Similar comments came from Marc Thiessen, a conservative analyst at the American Enterprise Institute. Trump should "take out the test site from which the North Koreans launched the missile," he wrote in a commentary for Fox News.

Talk like that has alarmed peace and arms-control advocates. "There's an increasing chorus that you hear in Washington that we have to go to war, that we have to take military action, to stop the North Korean threat," Joe Cirincione, the president of the Ploughshares Fund, told Rachel Maddow on MSNBC Tuesday night. "It's starting to feel like 2002, when a consensus was growing that the only thing we can do is go to war" even though negotiations hadn't been tried, he said.

Cirincione, who called the ICBM test a "very serious step forward" for the North, pointed to recent reports that the US government has said privately that if Pyongyang halted its testing for 60 days, that would be the signal Washington needed to begin direct dialogue with the Kim regime. Yet, despite the North's 74-day stoppage, "we didn't move towards any negotiations," he noted.

Still, there were signs some kind of talks may be in the offing.

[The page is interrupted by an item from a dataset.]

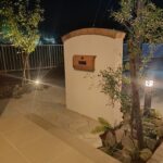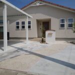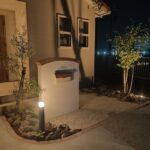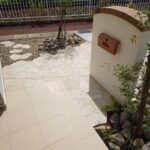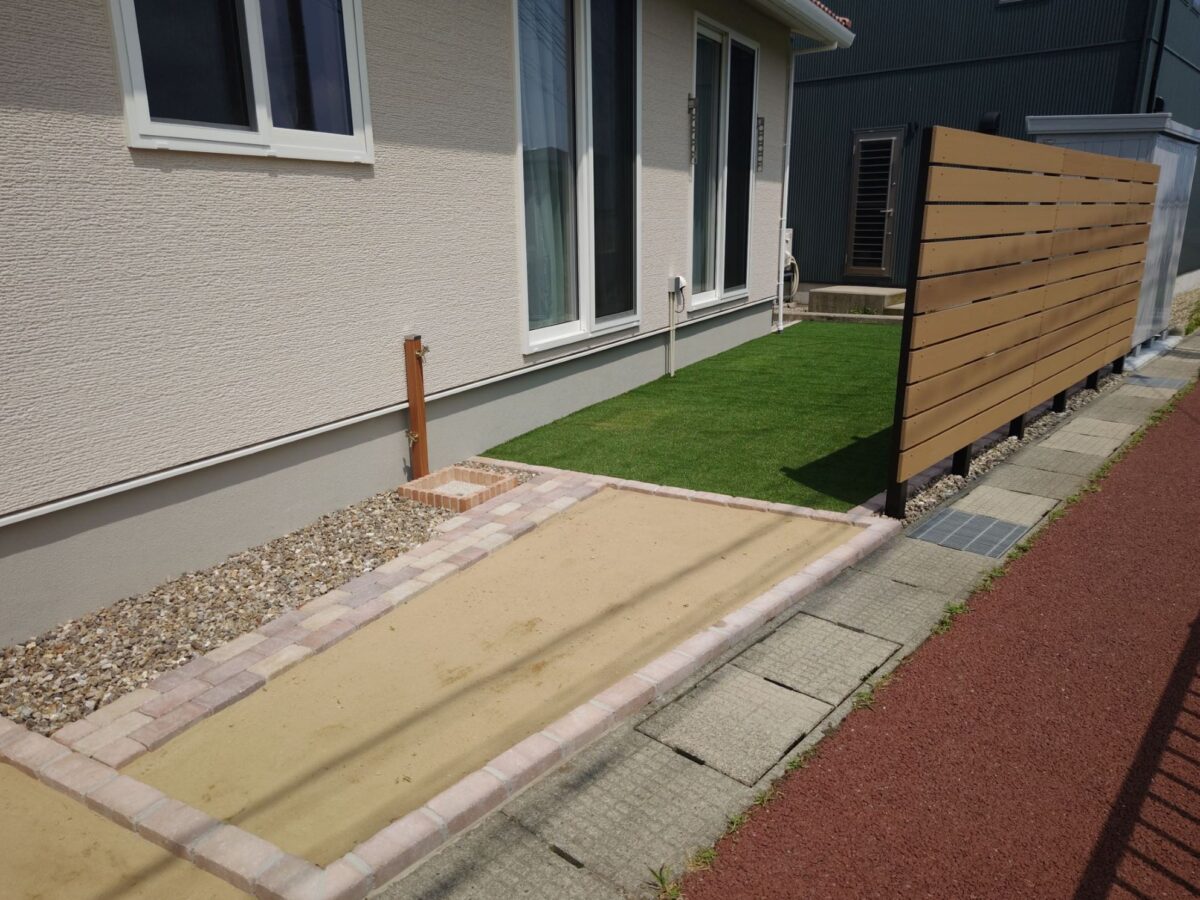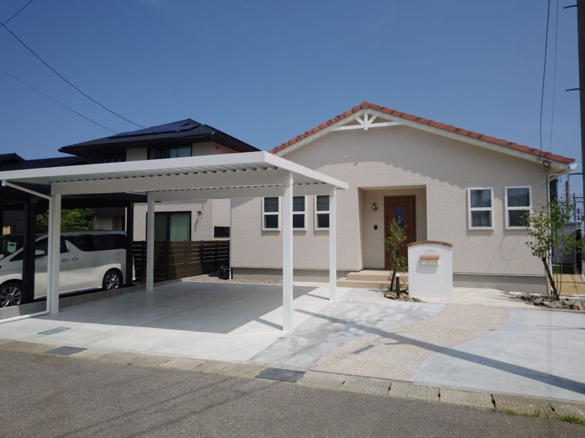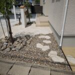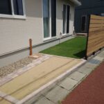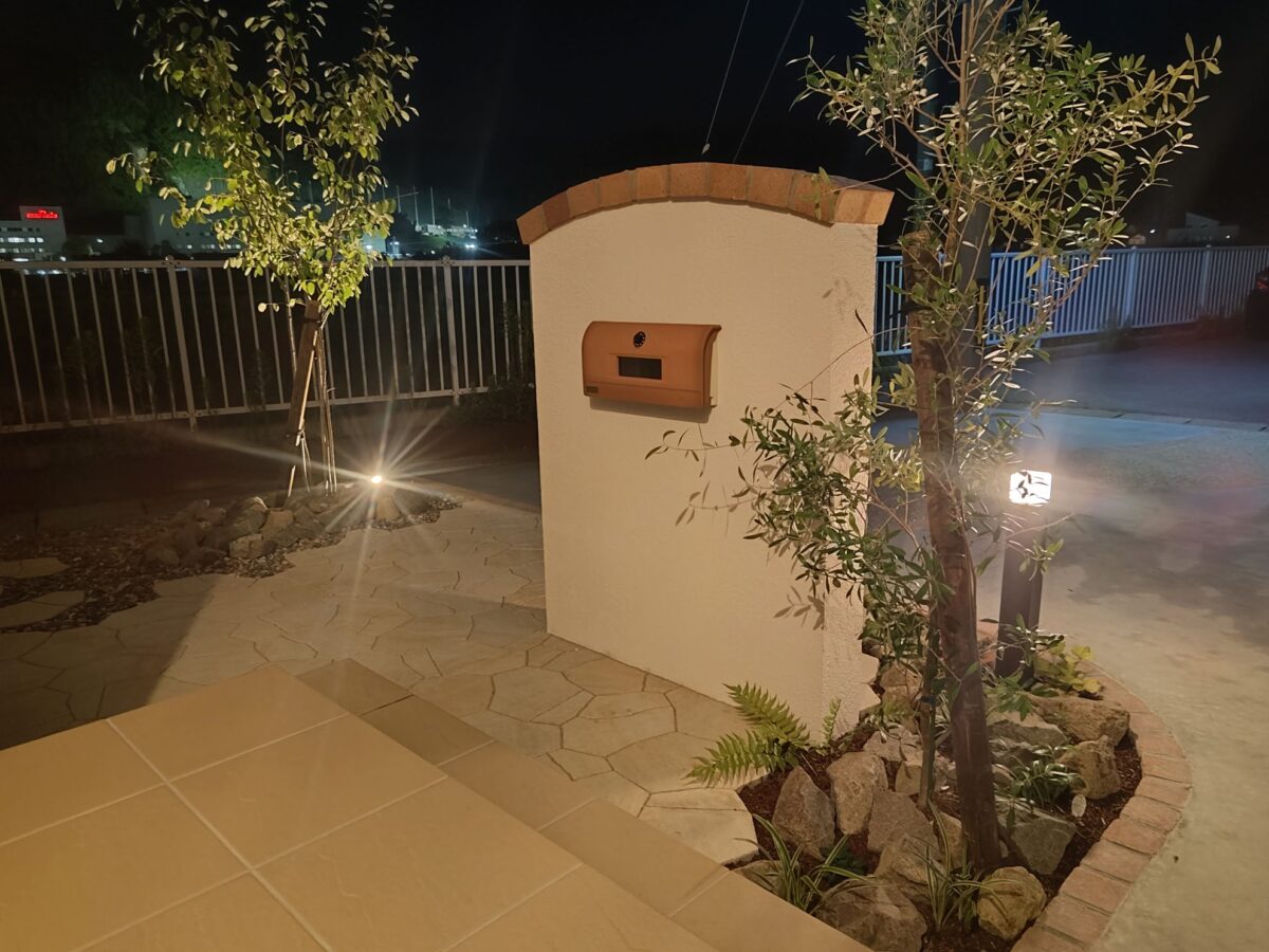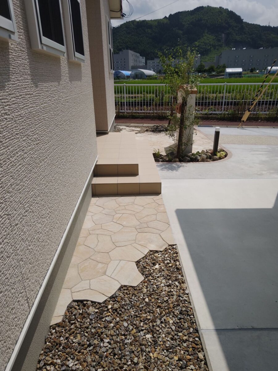 温かなイメージのお家に合わせたオープンファサードエクステリア。 レンガを並べた真っ白な門柱廻りのアプローチには、洗出し・飛び石・乱張りの 舗装園路でお客様を玄関まで導いてくれます。

On Thursday, the Times' David Sanger--who has been the conduit for dozens of leaks from US intelligence about the North Korean nuclear program--described the potential for a cold war-style containment policy that would require both a freeze as well as a diplomatic solution.

"Many inside the Trump administration privately agree" that a freeze agreement would be advantageous as an interim solution because "it holds the prospect of preventing the crisis from growing worse," Sanger reported. "Without testing, the North cannot demonstrate to the world it has a weapon that can truly reach the United States."

But, as Tuesday's launch demonstrated, it may be too late for that.